Le cours d'une action en bourse

Les épargnants qui détiennent des actions (ou d'autres produits boursiers) : les actionnaires peuvent les céder ou en acquérir d'autres, lorsqu'il le souhaite. Ils passent alors un ordre de vente ou d'achat en bourse. Il peut y avoir un écart important entre le cours d'introduction en bourse et celui qui est constaté quelques années plus tard (ex: France Télécom : introduction à 182 Frs et au 05/03/1999 : 544,80 Frs). Si la valeur de l'action à augmenté, l'actionnaire réalise une plus value. A l'inverse, il peut y avoir déception (ex: Euro Tunnel : introduit à ??? Fr et au 05/03/1999 : 8,79 Frs). On ne doit jamais oublier que l'action est un placement à risque. Le cours de négociation de l'action en Bourse dépend de l'équilibre entre l'offre et la demande sur le titre.

Parce que la Bourse est un marché sensible, les pouvoirs publics et les professionnels ont crée, plusieurs organismes de gestion et de contrôle. La commission des opérations de Bourse (COB), notamment, exerce une surveillance des marchés et contrôle l'information que diffusent les sociétés cotées.

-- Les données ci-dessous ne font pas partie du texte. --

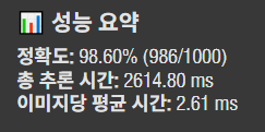 이미지 1000개 추론에 2.6초 걸렸다. 정확도도 파이썬으로 실행했던 것과 비슷하다.
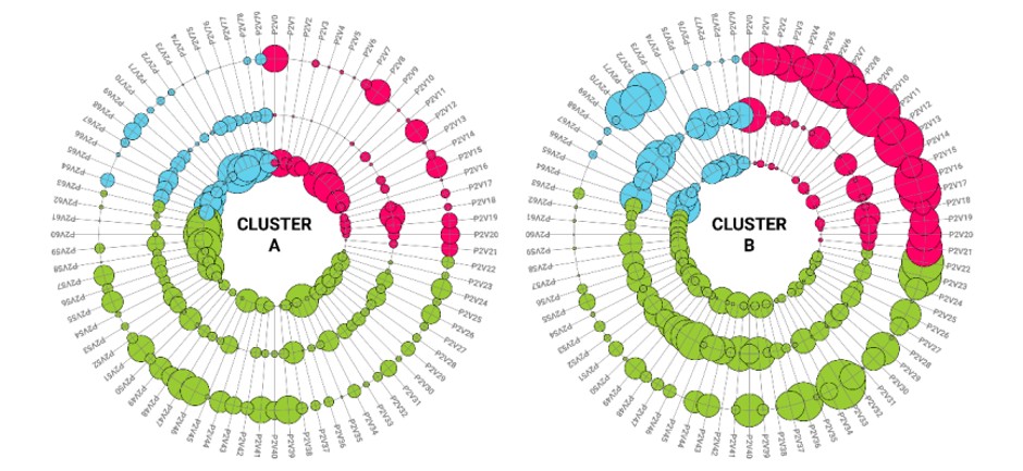 Following the work of Medd and Shove, 2006 and Pullinger et al., 2013, a k-means clustering technique has been applied to identify widely shared “versions” of a practice. This was first done using data from a Pilot Test, to ensure its workings. Identified clusters were plotted using Rings of Recurrence radial graphs, developed and programmed by the project’s researchers. This tool helps visualise the differences between various practices, as shown in Rings of recurrence radial graphs.

Si la demande augmente pour un titre déterminé, son cours augmente; si la demande diminue, le cours baisse.

Il convient alors de s'interroger sur les facteurs qui influent sur la demande des épargnants en faveur des actions de telle ou telle société. Ces facteurs ont trait à la fois à la valeur intrinsèque de la société, mais également à des considérations de marché et de conjoncture économique. Les épargnants placent leur épargne dans une entreprise avec l'espoir de bénéficier de l'accroissement de richesses qu'elle va générer et percevoir régulièrement des revenus (dividendes). Ils suivent donc particulièrement les résultats de l'entreprise, l'évolution du cours de l'action, le dividende... ils s'intéressent à son avenir, qui dépend de la façon dont elle est gérée et des domaines d'activité dans lesquels elle intervient. Selon les époques, les différents secteurs de l'économie sont en effet plus ou moins porteurs. En résumé, si les épargnants anticipent un avenir favorable pour l'entreprise en question, ils garderont les actions de cette société et, s'ils en ont les moyens, en acquerront d'autres. Dans le cas contraire, ils les vendront.

Le placement en actions est aussi en concurrence avec d'autres types de placement, et les épargnants ont tendance naturellement à se porter vers ceux qu'ils estiment les plus avantageux pour eux.

Ils vont donc surveiller particulièrement les politiques budgétaires et monétaires, qui ont un fort impact sur l'inflation et les taux d'intérêt; ce qui rend plus ou moins attrayant le placement en actions. Par exemple, un épargnant qui estime plus avantageux pour lui un placement obligataire, vendra ses actions pour acquérir des obligations.